После этого в автобусе всё зашуршало сумками, масками, загудело приглушённым бормотанием, а иногда и сдержанной руганью:

— Эх, достали с этим коровавирусом – бурчала какая-то пожилая женщина своей подруге

— Маску надевайте, мужчина… да у вас есть-то она!? – командирским тоном распоряжалась не в меру деятельная женщина средних лет.

— А что мне напяливать намордник-то этот!? Я так-то и не болею! – горячащимся тоном возражал строптивый нарушитель покоя – мужичок в джинсах и короткой чёрной куртке, лет тридцати, со своей щетиной и одеждой похожий на престарелого гопника

— Не болеет он! А вдруг я болею? Вы, если не хотите для нас её надеть, для себя-то хоть наденьте! – не сдавалась командирша, кроя его возражения, которые она уже не раз слышала, своими козырями, которые она уже не раз произносила

— А у меня, вы знаете, иммунитет хороший! Вот у меня в семье жена переболела, а мне хоть бы что!

— Да, а вообще-то… — начала парировать женщина, внутренне замявшись из-за незнакомого приёма, но не показав вида в силу своей бойкости.

Впрочем, чем закончился тот спор, я не узнал. Скорее всего тем, что гоповатого вида мужчина таки достал из дальнего кармана помятую, не раз ношеную, возможно даже стираную маску, и, непременно ворча и сквозь зубы выражая невидимому собеседнику своё недовольство касательно вируса, масочного режима, русских медиков, а также президентов – надел её.

Тогда меня уже занимало другое. Монолог водителя поразил меня своей незлой простотой и в то же время своей омерзительностью. Я ехал домой, направив взгляд в окно автобуса, и видел перед собой проплывающие стенки общественных мест, на которых были щедро развешаны плакаты с инструкцией по защите от вируса: картинки выразительно показывали, как правильно защищать свой организм от нежелательных гостей, а надписи, в свою очередь, выразительно призывали взглянуть на картинки.

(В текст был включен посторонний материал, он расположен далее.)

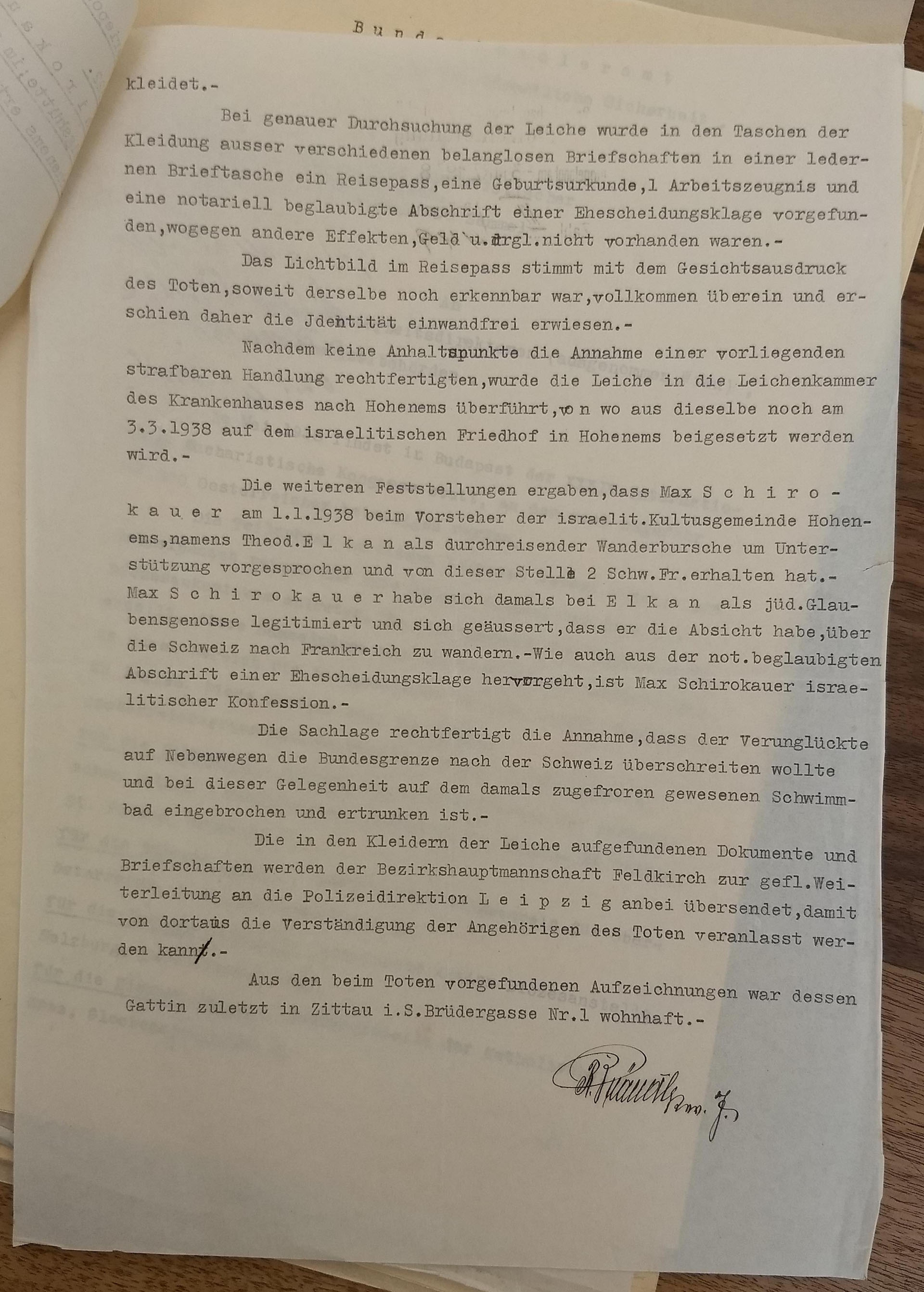 Der herbeigerufene Hohenemser Gemeindearzt Oskar Burtscher konnte keine Verletzungen feststellen. Anhand der Papiere, die er bei sich trug, konnte der Tote allerdings identifiziert werden. Max Schirokauer, Techniker von Beruf, musste etwa 10 Tage zuvor den Versuch unternommen haben, über das zugefrorene Hohenemser Schwimmbad in die Schweiz zu gelangen und war dabei offenbar eingebrochen und ums Leben gekommen.

Однако стоит мне повернуть голову в сторону, как в полуметре от себя я смогу увидеть людей, с видом величайшего облегчения снимающих маски, ведь черта города пройдена и постов ГАИ уже больше не будет, продавцов, в приличных учреждениях носящих маски на подбородках, а в неприличных и вообще не носящих. Какой толк от вас, надписи и картинки, если ваши призывы читают в лучшем случае от скуки, а соблюдают в лучшем случае потому, что без этого не пустят в магазин и т.п.? Форма без содержания, много ли от тебя пользы?

Что такое для людей моего окружения этот вирус? Вспомнились случаи, когда мне доводилось присутствовать при сборе большой компании людей средне-старшего возраста. Вводной темой для обсуждения, той темой, с которой проще всего завязать разговор, становился вирус:

— Ну что там, кр-р’овавирус (искажение этого изначально заумного слова, превращающее его в слово забавное, вообще, как по мне, характерно для таких разговоров и таких людей), вирус-то, коровий, ха-ха, слышал? Достали уже с этими намордниками, ей-бо!.. – на паре подобных фраз «коровавирус» терял свою актуальность и разговор искал других тем.

Я подъезжал к родной деревне. Мимо меня проплывали знакомые дома. В каком-то из этих домов, может быть, идёт застолье с разговором давних знакомых, во время которого также ругается ненавистный всеми «коровий вирус». И какой-нибудь Сашка произнесёт упоительные для всей компании слова:

— Даста-али уже с этими масками! Ну никакого житья нет, ей-богу!

…после чего разговор непременно перейдёт на ругательства в сторону кого-то третьего, кто заставляет их носить ненавистные маски.

В другом доме, может быть, лежит и кашляет на самоизоляции больной, ощущающий битое стекло в лёгких при малейшем вдохе, а соседи говорят про него со сладостью, с упоением, ведь это такая редкость – свежая новость:

— Сашка-то, слыш, коровавирусом! Да… Да вот, с города вернулся, так и…

…после чего непременно пара слов без падежей отправится в адрес всё того же третьего лица, что допустил такое несчастье, которого непременно недостоин ненаглядный Сашка.

В третьем доме, может быть, уже стоит на столе гроб или гробик, а соседи, всё так же внутренне радуясь свежей новости, но внешне для приличия изображая скорбь, произносят, встречаясь друг с другом:

— А Сашка-то, слыш, помер! Ага, от него – заразы, от вируса-то коровьего!..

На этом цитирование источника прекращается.